The 2024 Iowa Republican presidential caucuses will be held on February 5, 2024, as part of the Republican Party primaries for the 2024 presidential election. 40 delegates to the 2024 Republican National Convention will be allocated on a proportional basis. As in past primary cycles, the Iowa caucus will be the first-in-the-nation Republican presidential primary caucus.

Background and electorate

History of the Iowa caucus 
Beginning in 1972, the Iowa caucuses have been characterized as the first major electoral test for both Democratic and Republican presidential contenders. Despite its strategic importance, between 1976 and 2016, only three out of eight winners of the Iowa caucuses went on to receive the Republican presidential nomination.

Republican electorate 
Matthew Dallek, a professor of political history at George Washington University, has argued that the Iowa Republican caucuses effectively serve as "referendums on who is the most socially conservative candidate" in the Republican field. 
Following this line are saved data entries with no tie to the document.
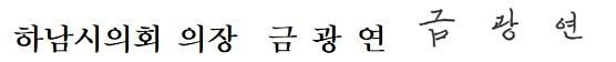 33만 하남시민이 정책의 출발점이자 최종 결정자가 되고, 의정의 기준이 되며, 나아가 결과로 평가하는 ‘일하는 의회’의 표준을 만들기 위해 노력해주신 동료 의원님과 의회사무국 직원 여러분께 깊은 감사의 말씀을 드립니다.
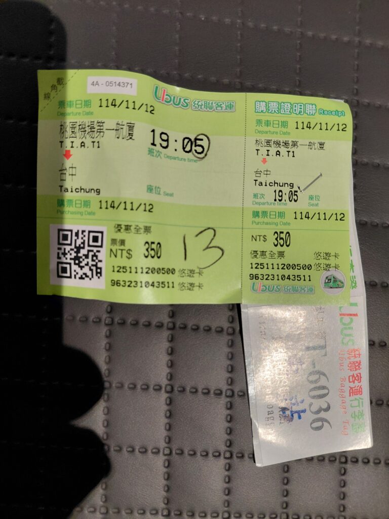 バスターミナルへ行き、台中行のバス乗り場と時刻を確認します。直接バスで支払いかと思いきや、ターミナルで購入してからとのことでチケットを購入して待ちます。
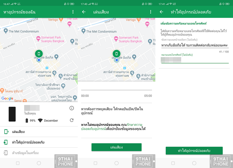 1. เล่นเสียง ในส่วนนี้เมื่อเรากดไปที่แถบเมนูดังกล่าว เครื่องสมาร์ทโฟนที่หายหรือหาไม่เจอจะส่งเสียงดังในระดับดังที่สุดต่อเนื่องนานถึง 5 นาที แม้ว่าเครื่องสมาร์ทโฟนจะเปิดเป็นโหมดเงียบเสียงไว้ก็ตาม ซึ่งเมนูนี้จะทำให้เราหามือถือที่ลืมไว้เจอง่ายๆ จากเสียงที่ดังขึ้นมา
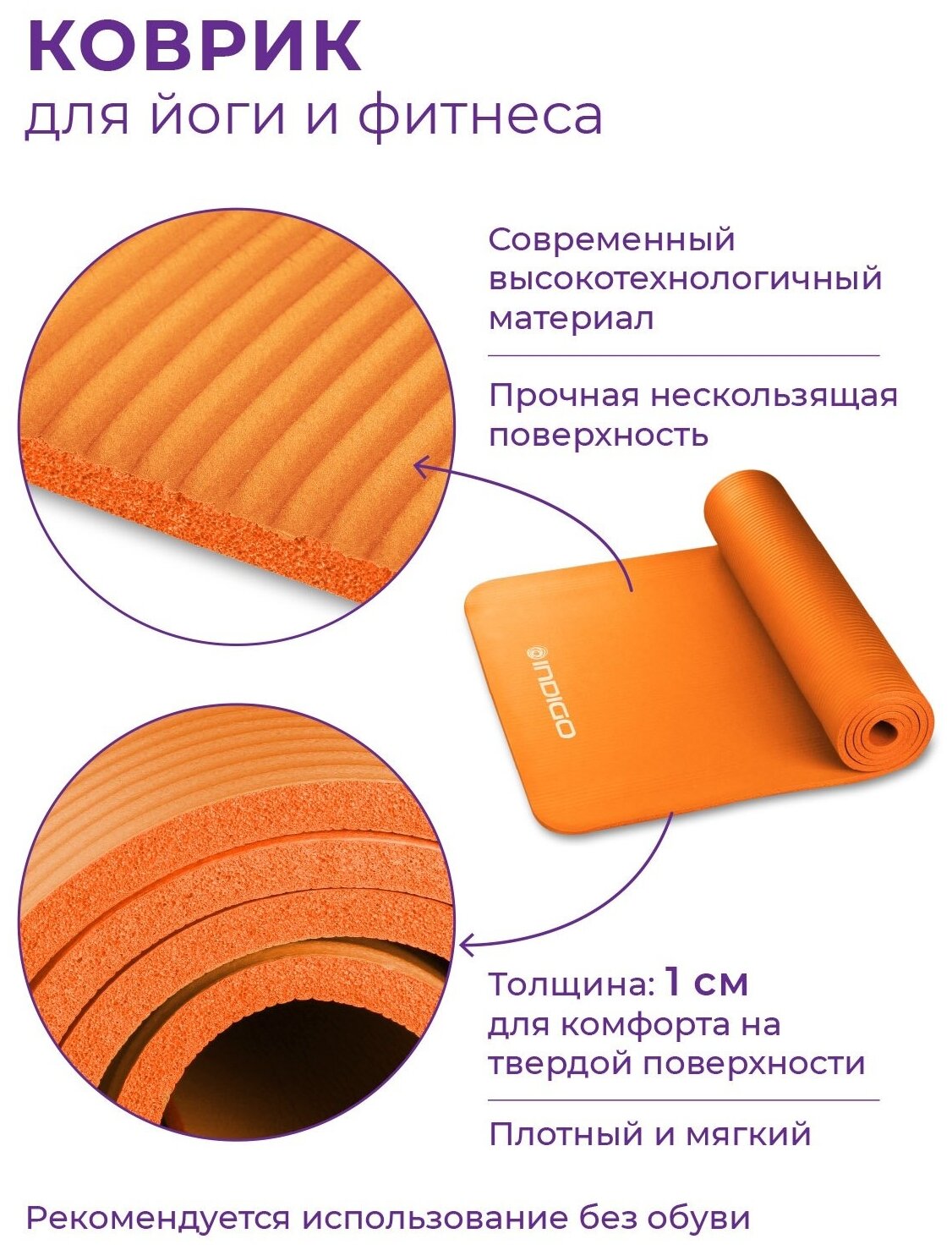 Коврик для йоги и фитнеса IN104 INDIGO NBR Оранжевый 173*61*1 см интересное:
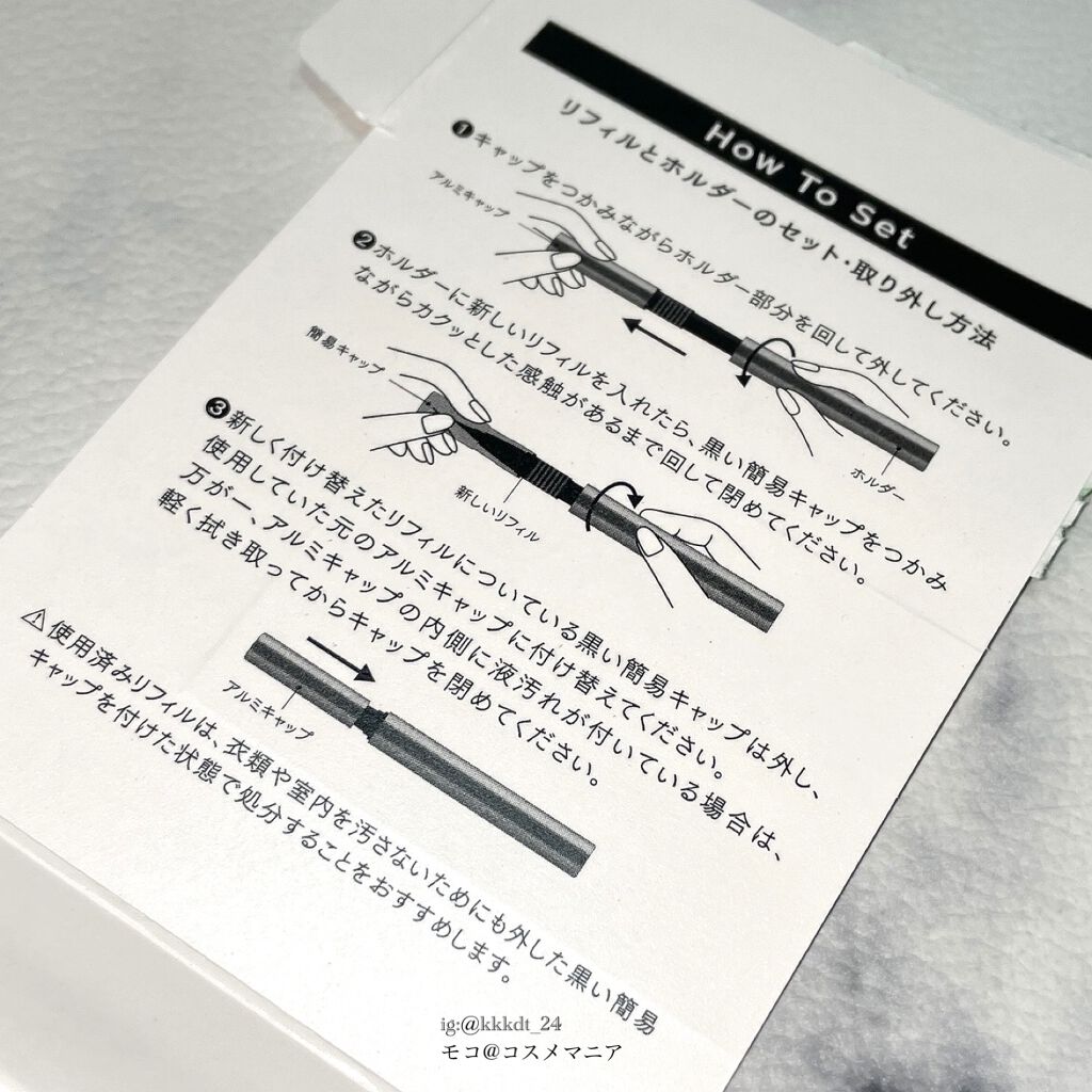 - 「0.1mmの極細毛の筆先」、「手ブレを防ぐ重さのあるアルミボトル」、「ウォータープルーフ&スマッジプルーフ」、「ぬるま湯で簡単オフ」という特長は従来品から引き継ぎ、新たに3つの特長をプラスしました。 1.ラブ・ライナー史上初!つけ替えができて繰り返し使える「リユーザブルボトル」に進化 筆とインクがセットになった専用リフィルをつけ替えることで、お気に入りのボトルを繰り返し使うことができます。 2.ラブ・ライナーだけの黄金比率。職人の手もみブレンドでできたオリジナル職人筆 筆づくり発祥の地、奈良の筆職人の手もみの技によるラブ・ライナーだけのオリジナル職人筆を採用。新素材をラブ・ライナー独自の比率でブレンドし、まぶたに最もふさわしいやわらかさとコシのバランスで、ラブ・ライナー史上最高の描き心地を実現。 3.10種類の美容成分配合※ 従来品に配合していた5種類の美容成分に加え、まつげケアを叶える美容成分を新規配合。合計10種類の美容成分※でメイクするたびに美しい目元へ。 ※保湿成分のこと

Commentators have noted the decisive role of Evangelical Christian caucusgoers in past contests. The victory of social conservatives Mike Huckabee and Rick Santorum in the 2008 and 2012 Iowa caucuses, respectively, was credited to their strong support among evangelical voters. 
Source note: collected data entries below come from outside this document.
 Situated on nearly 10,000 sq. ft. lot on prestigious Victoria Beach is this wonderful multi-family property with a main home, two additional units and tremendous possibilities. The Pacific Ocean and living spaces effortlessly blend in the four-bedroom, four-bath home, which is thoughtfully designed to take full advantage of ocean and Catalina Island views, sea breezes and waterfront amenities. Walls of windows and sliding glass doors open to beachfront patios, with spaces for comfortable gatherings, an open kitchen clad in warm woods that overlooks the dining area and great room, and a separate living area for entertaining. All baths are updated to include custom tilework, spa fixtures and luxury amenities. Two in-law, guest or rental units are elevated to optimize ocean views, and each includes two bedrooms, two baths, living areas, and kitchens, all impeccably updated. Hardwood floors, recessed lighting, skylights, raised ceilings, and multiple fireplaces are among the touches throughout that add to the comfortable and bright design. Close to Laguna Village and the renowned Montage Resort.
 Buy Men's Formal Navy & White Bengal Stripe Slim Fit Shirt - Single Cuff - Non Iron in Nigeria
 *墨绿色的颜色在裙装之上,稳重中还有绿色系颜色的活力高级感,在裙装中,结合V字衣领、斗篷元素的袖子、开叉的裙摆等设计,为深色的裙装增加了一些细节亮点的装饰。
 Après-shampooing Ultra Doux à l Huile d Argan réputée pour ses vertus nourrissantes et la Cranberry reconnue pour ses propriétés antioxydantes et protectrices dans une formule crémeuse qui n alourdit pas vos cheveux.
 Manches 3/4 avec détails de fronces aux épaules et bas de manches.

In 2016, it was noted by The Des Moines Register that almost half of likely Republican caucusgoers self-identify as evangelical or born-again Christians. In the 2016 Iowa Republican caucus, Senator Ted Cruz of Texas defeated eventual nominee Donald Trump by a 27.6% to 24.3% margin in what was considered an upset victory.

Candidates

Declared candidates 
Former President Donald Trump and former Governor of South Carolina and Ambassador to the United Nations Nikki Haley are the only main contenders to officially announce their candidacy so far.

Potential candidates 
Governor of Florida Ron DeSantis is widely expected to announce his candidacy as soon as May 2023. Commentators have described DeSantis as Trump's closest rival in the Republican primary based on primary polling taken in 2022 and 2023. Former Vice President Mike Pence is also considering a candidacy for the Republican nomination.
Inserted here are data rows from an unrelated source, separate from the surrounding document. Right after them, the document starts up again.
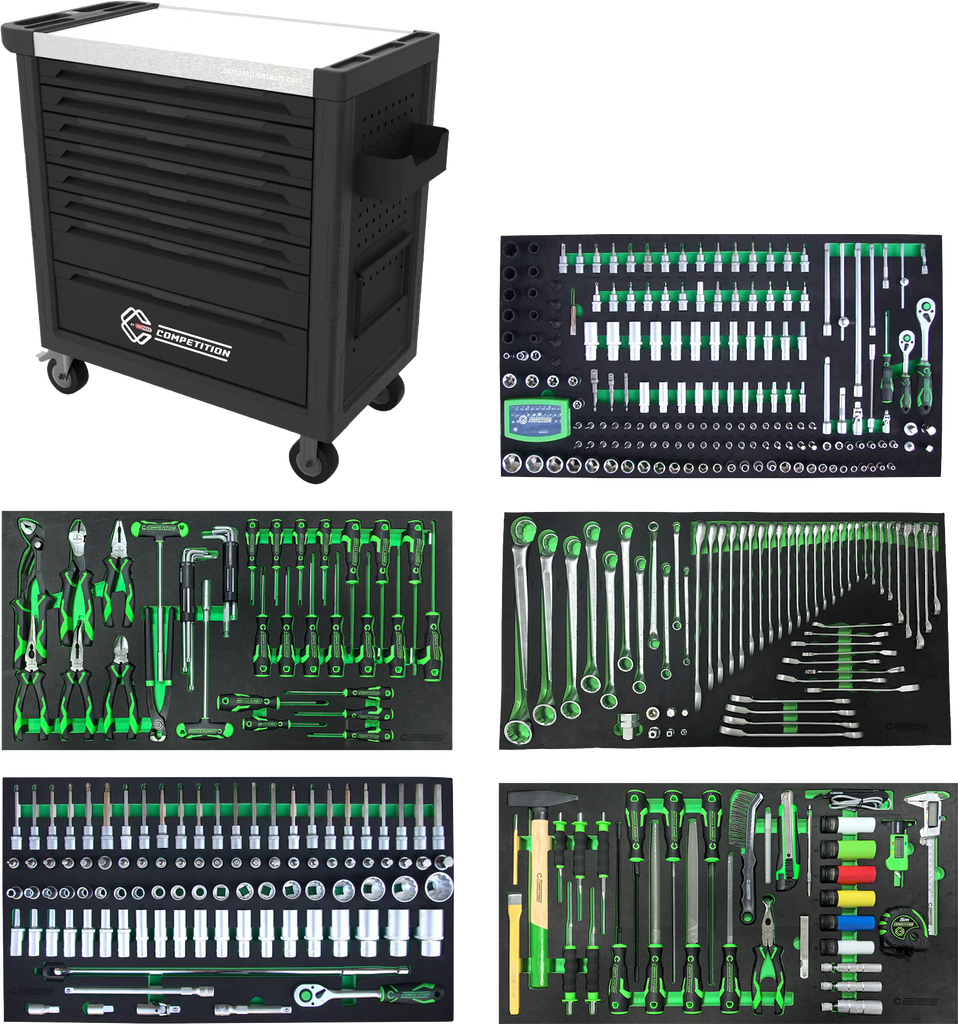 De Competition gereedschapswagen met 434-delig premium gereedschap is een complete en professionele oplossing voor iedere werkplaats, garage of hobbyruimte. Deze robuuste gereedschapskar is voorzien van 8 volledig gevulde laden, overzichtelijk ingedeeld met hoogwaardige schuiminlays. Alles wat je nodig hebt, altijd direct binnen handbereik.
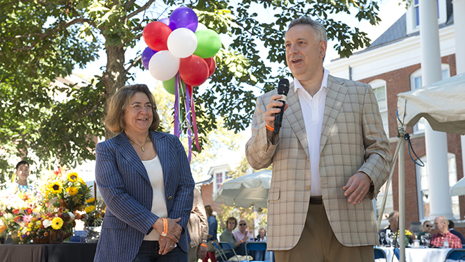 It was the first Taste of Newark festival for UD President Dennis Assanis and his wife, Eleni, who were guests of honor at the event. Newark Mayor Polly Sierer welcomed them, and they both thanked the University and Newark communities for the warm welcome.
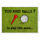A golf tee with a golf ball, with words saying you need balls to play this game, makes a funny golf card for that golf player.
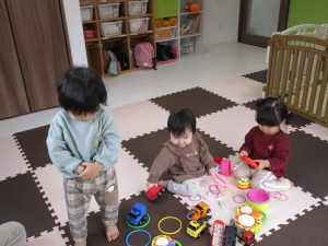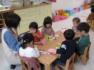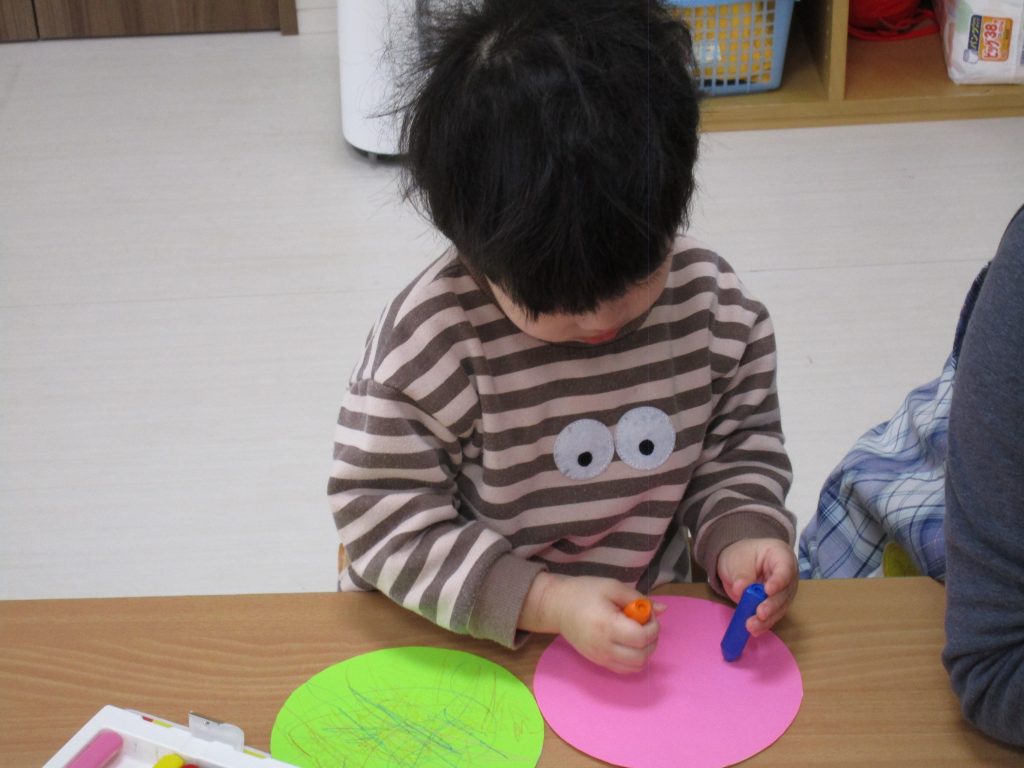 0歳児さんは玩具遊び、1・2歳児さんは製作をしました(^_^)
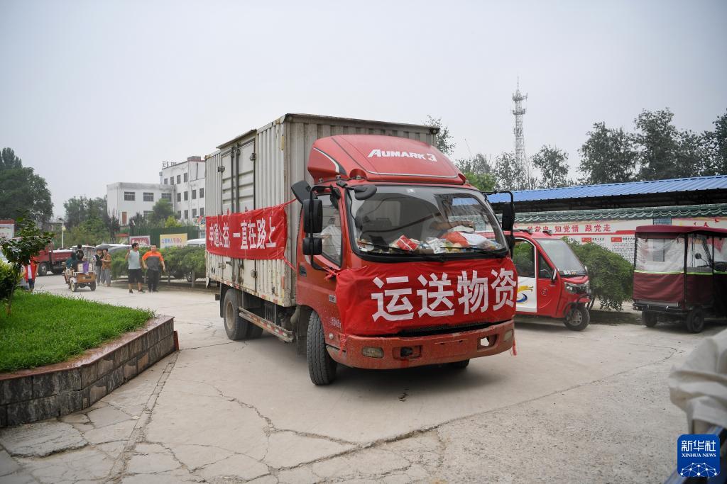 8月3日,運送物資的車(chē)輛駛入涿州市第三中學(xué)安置點(diǎn)。
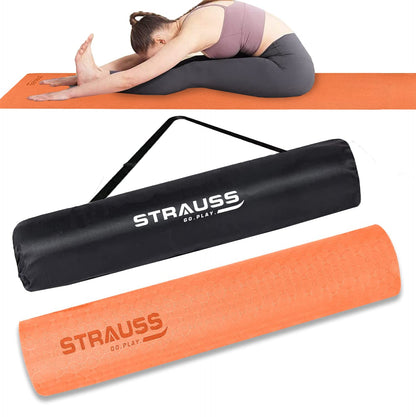 STRAUSS EVA Yoga Mat with Carry Bag | Non-Slip Exercise Mat for Home & Gym | Eco-Friendly, Lightweight & Durable Workout Mat | Ideal for Yoga, Pilates, Fitness | Ideal for Men & Women,4mm,(Grey)

Other Republicans reportedly considering a candidacy include Senator Tim Scott of South Carolina; former Governors Chris Christie of New Jersey, Asa Hutchinson of Arkansas, former Secretary of State Mike Pompeo, incumbent Governors Glenn Youngkin of Virginia and Kristi Noem of South Dakota.

Campaign developments 
In February 2023, the Trump campaign announced its Iowa campaign staff, with state representative Bobby Kaufmann and consultant Eric Branstad, the son of former Governor Terry Branstad, serving as senior advisors. In March 2023, Trump's campaign announced that it would hold an "America First Education Policy" event in Davenport on March 13, marking his first official campaign appearance in the state. On March 13, 2023, Trump made his first appearance in the state since announcing his candidacy, in which he spoke before a crowd in Davenport. 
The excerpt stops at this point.